Brief: Pictures excluded, set down exactly the lines from the one containing "医療系ベンチャー企業として発" through the final line of the material, and only those.

Supplied information:
------------------------------------------------------------

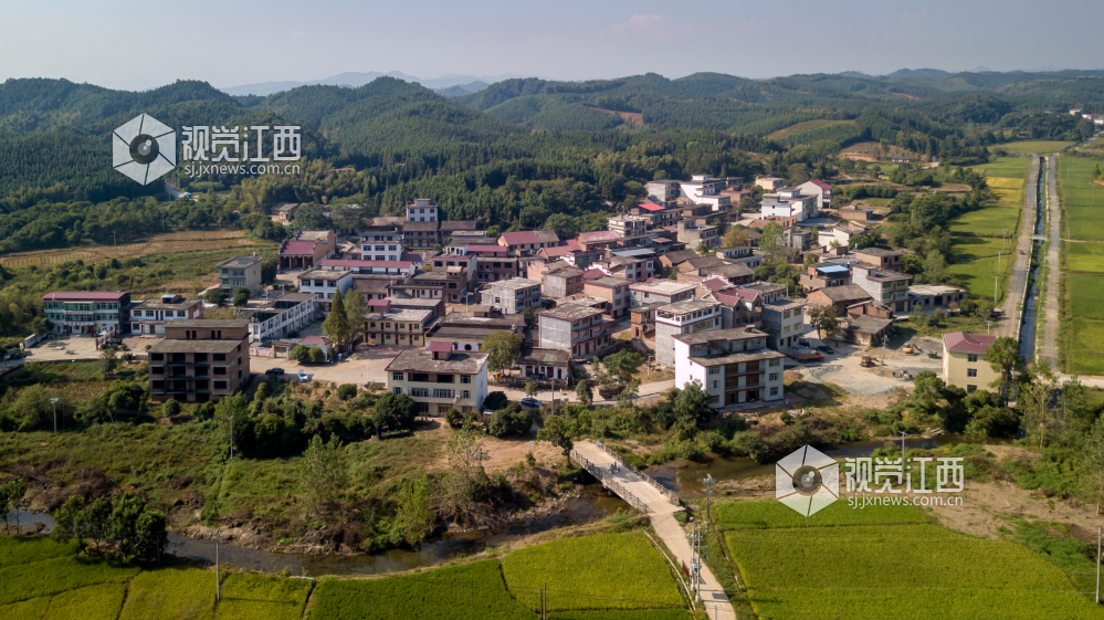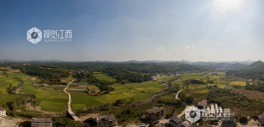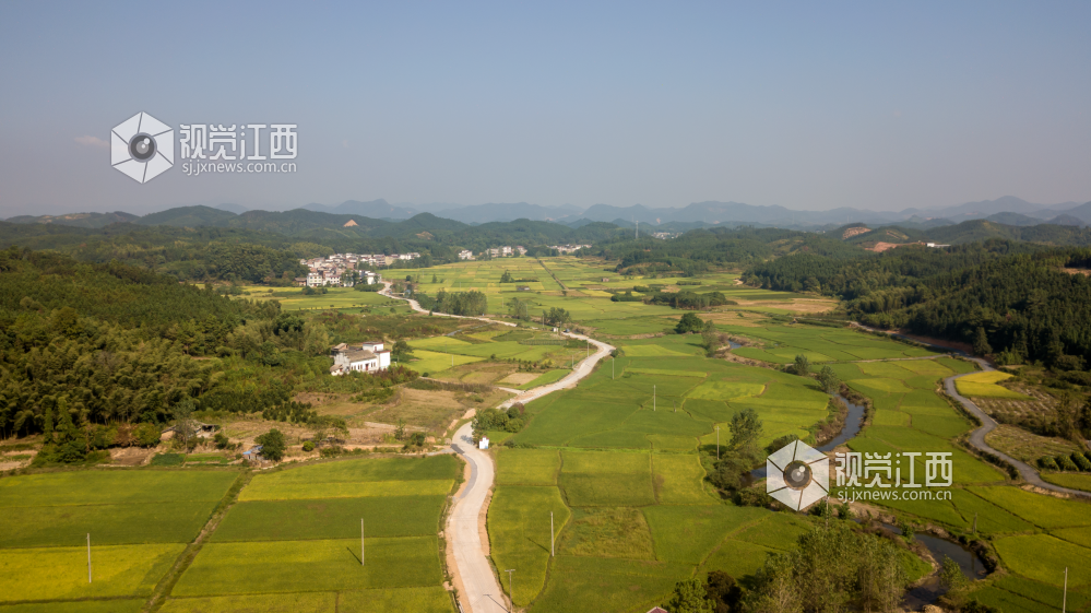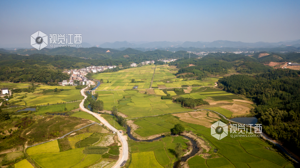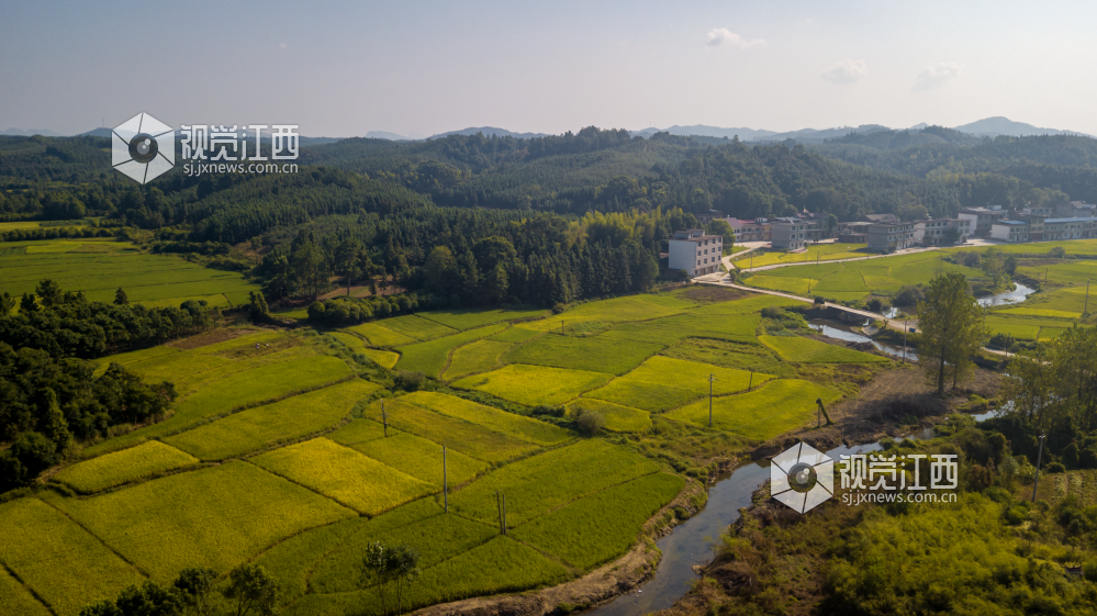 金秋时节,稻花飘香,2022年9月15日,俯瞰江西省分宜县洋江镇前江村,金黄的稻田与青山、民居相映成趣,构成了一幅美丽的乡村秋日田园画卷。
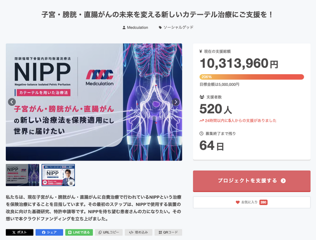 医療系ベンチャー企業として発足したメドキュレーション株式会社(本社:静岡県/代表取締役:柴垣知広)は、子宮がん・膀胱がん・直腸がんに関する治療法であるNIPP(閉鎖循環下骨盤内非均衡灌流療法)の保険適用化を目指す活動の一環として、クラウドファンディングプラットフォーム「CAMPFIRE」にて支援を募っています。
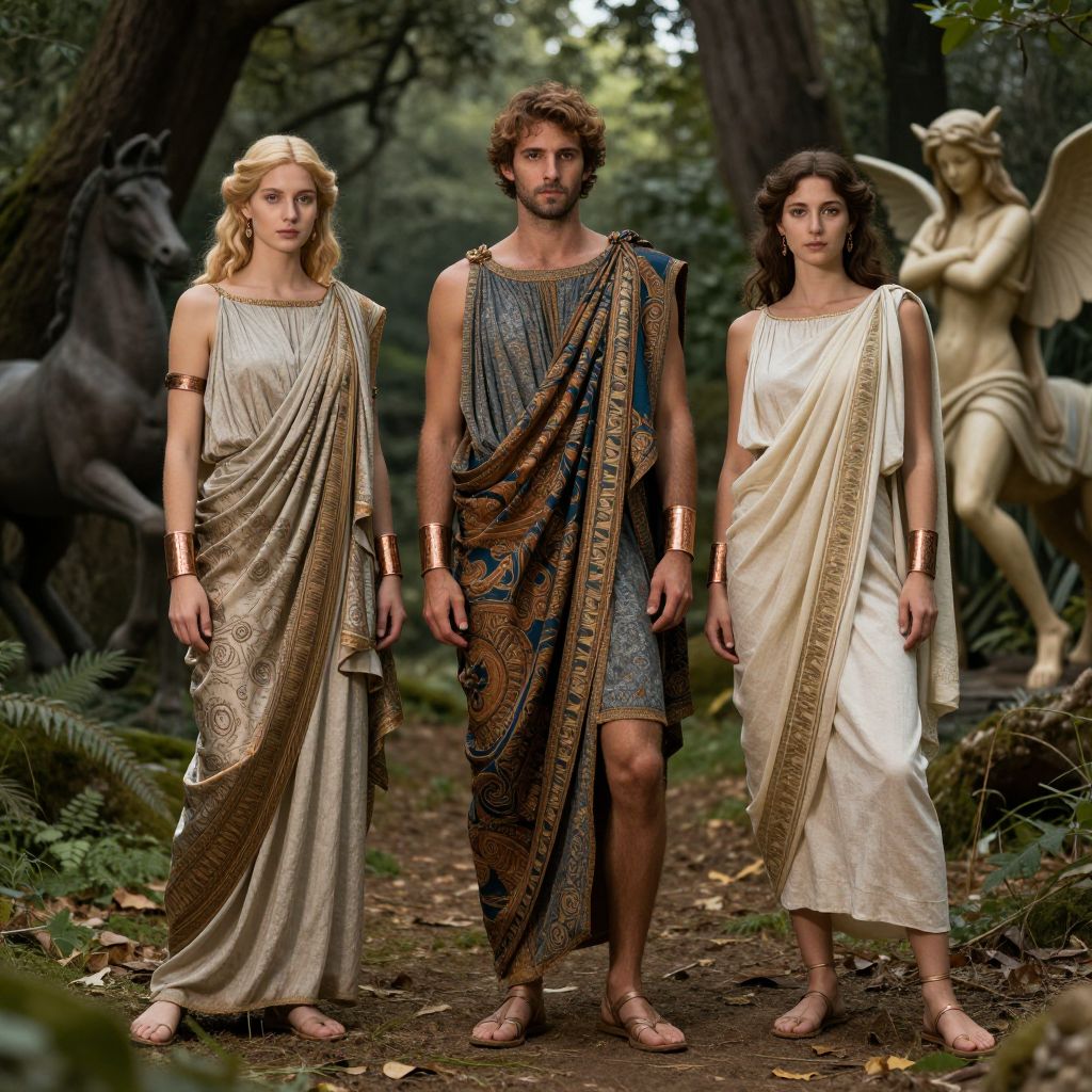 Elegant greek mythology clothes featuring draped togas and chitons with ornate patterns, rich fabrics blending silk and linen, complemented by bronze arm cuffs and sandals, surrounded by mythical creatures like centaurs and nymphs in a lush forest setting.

------------------------------------------------------------

Result of the task:
 医療系ベンチャー企業として発足したメドキュレーション株式会社(本社:静岡県/代表取締役:柴垣知広)は、子宮がん・膀胱がん・直腸がんに関する治療法であるNIPP(閉鎖循環下骨盤内非均衡灌流療法)の保険適用化を目指す活動の一環として、クラウドファンディングプラットフォーム「CAMPFIRE」にて支援を募っています。
 Elegant greek mythology clothes featuring draped togas and chitons with ornate patterns, rich fabrics blending silk and linen, complemented by bronze arm cuffs and sandals, surrounded by mythical creatures like centaurs and nymphs in a lush forest setting.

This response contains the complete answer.